These Tips Can Help Stop It
Several years ago, Callie MacBeth’s boyfriend at the time gave her a pair of diamond earrings. “I flat out refused to accept them,” she told me in an interview this month. “Receiving gifts completely undoes me as a human,” especially if it is something big or expensive. “Do I owe them? Am I in their debt because they’ve given me a gift? There’s a lot of trauma and anxiety around it,” said the 36-year-old mother in Chicago. “I honestly don’t think we recovered from that.” The couple later broke up.
MacBeth suspects that her gift-receiving anxiety has to do with her upbringing. Gifts from her father, who MacBeth said was “not around,” came with “strings attached.” “If I got something from him, he always expected me to either see him or to go out and do something, and that’s not what I wanted … An apology from him [instead of a gift] would have been a really great start, but that never came.” This fear of gifts still follows her today. Reflecting back on the diamond earrings, she said, “There was no manipulation. He just wanted to say, ‘I love the bananas out of you; you deserve this, and I want to give this to you,’ and I couldn’t see that.”
Unlike people who may feel excited by all the shopping that accompanies the holiday season, which retailers expect will bring in more than $942.6 billion this year, there are some people for whom the practice of giving or receiving gifts stirs deeper questions about feeling loved, worthy, burdened, or indebted. According to a survey by the American Psychiatric Association last month, 31% of adults expect to feel more stressed this holiday season compared to last year and finding and affording gifts and meals were among the top concerns.
Jameca Cooper, a psychologist in St. Louis, said the driving force of anxiety in gift exchange is the fear of disappointment. “When you buy a gift for someone, it indicates your feelings about that person and you expose your character, what you’re thinking about that person, and your evaluation of them,” she said.

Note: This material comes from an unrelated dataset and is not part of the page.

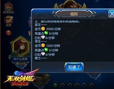 在《无双剑姬》这款手机游戏里面英雄王座里面的等级是分为国王,领主,骑士和勇士这四个阶级的。对应的等级越高级,那么这个阶级的位置也就越少,然而相应的可以获得到的资源也就越多。例如说唯一位置的国王可以获得到,每分钟两千金币和八白钻和五英雄点的高效产出。而相应的领主,骑士和勇士也是会有金币白钻和英雄点的获得,但是可以获得到的量就远远少于国王了。在英雄王座这个玩法里面,只要游戏玩家上位成功了之后就可以免费的获得到这些奖励I。当游戏玩家的等级达到了三十二级之后在每日的八点到二十四点,无论王座空闲或者被占领时,游戏玩家都是可以去挑战的,当游戏玩家挑战的战力超过了当前拥有王座的游戏玩家,那么就可以夺得该王座。而失去王座的游戏玩家只能通过再次挑战才可以夺回王座的位置。

As the recipient of a gift, “the pressure to express gratitude for receiving a gift whether you like it or not — and everyone’s not that great at faking — there’s a fear of disappointment there as well.”
Psychologist Pauline Wallin told me that in most cases of gift-giving anxiety, the giver is making the gift too much about themself. “It’s a performance, as if you have to impress the other person,” she said — when you view giving or receiving a gift as a test, it can result in real stress.

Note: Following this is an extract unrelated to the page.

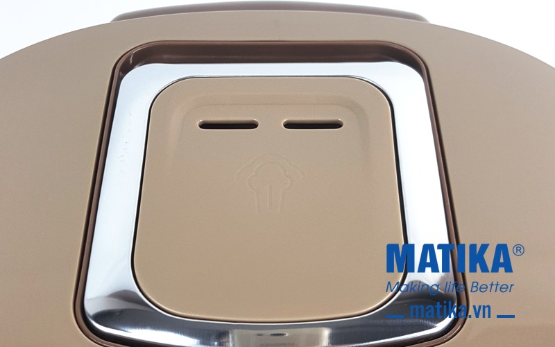 Nồi cơm điện tử Matika MTK-RC1885 có nắp thoát hơn thông minh, hiện đại giúp cân bằng lượng nước trong gạo, cho cơm dẻo và không bị nhão hoặc khô

Paige T., a 27-year-old in North Carolina who asked not to use her last name to protect her privacy, said, “I had several panic attacks leading up to and the day of my bridal shower because I knew I’d be getting gifts and not giving people things in return.” Her friends had included a link to her wedding registry on the bridal shower invitations without her knowledge, and she started getting packages with items adding up to more than $100 in them, which she felt was a lot. “I really did not want to sit down and open gifts in front of everyone, but they made me,” she said.
For Paige, a school social worker, these feelings are the result of “money stuff.” Growing up middle-class, she was “always hyperaware of money.” “I’ve always felt really bad, especially if someone doesn’t have a lot of money, or if it takes five hours out of their hourly wage to pay for what they’ve given me and I know that they needed that money for something else,” she said. “I make my own money and I can provide for myself.”

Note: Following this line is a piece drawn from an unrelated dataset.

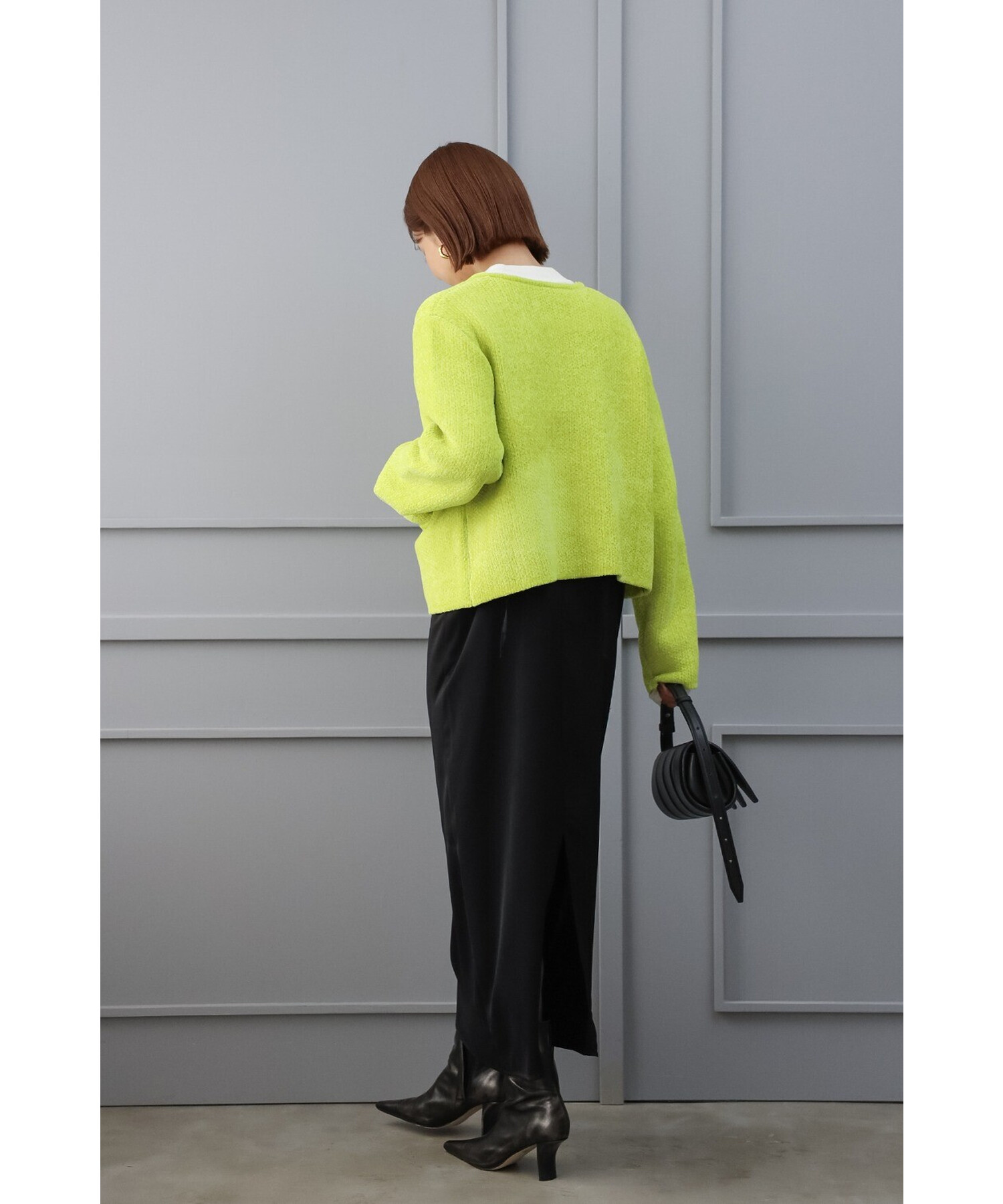 ストンと落ち感のあるロング丈は、控えめなコクーンカーブシルエットで上品な印象を演出。

One of Paige’s best friends, who tries to work around her aversion to gifts, once tried to compromise by shipping homemade cookies instead of buying a present. “I called her and I was like, ‘You know these are my favorite, but do you know how much mail costs? It was so expensive to ship here!’ And she just said, ‘Paige, please just accept these. I love doing this.’” The friend later gave her a used koozie for her birthday. “That makes me feel better because you were cleaning things out and it’s used,” Paige said.
Mandi Johnson, a 42-year-old in Florida who was raised by a single mother without much money and who now works as a director at an IT firm, said income disparity in her family creates anxiety around gifts. “I am probably the highest paid person in my immediate family, and it definitely creates a sense of guilt when I see my mother — who worked really, really hard, but struggled to make ends meet — never show up empty-handed. She wants to be that generous grandmother,” she said. In an effort to control these costs, “I’ll ask for something personal and very inexpensive,” even if her mother might not follow the suggestion.
The wealth gap creates issues for her as a gift giver too. Johnson said she once splurged on a Louis Vuitton purse for her mother during the COVID-19 pandemic. “She was just glaring at me,” Johnson recalled. “She said, ‘I feel terrible. I can’t afford to give you something like this. And I don’t have the nicest car, how do I look getting out with an expensive purse?’” Johnson said she was disappointed by the reaction, but she also became more mindful that her gifts could make someone else feel uncomfortable too.
Now, Johnson’s grown children are working and can splurge on her, beginning another complicated intergenerational exchange. “I am prepping myself to just be happy and excited and grateful that my kids want to spend their hard-earned money on me. I’m just gonna have to suck it up and smile … and not look shocked or upset if they spent money on something expensive,” she said. “Just know that it came with the best intentions and they’re just as proud to buy me something as I am to buy something for my mother.”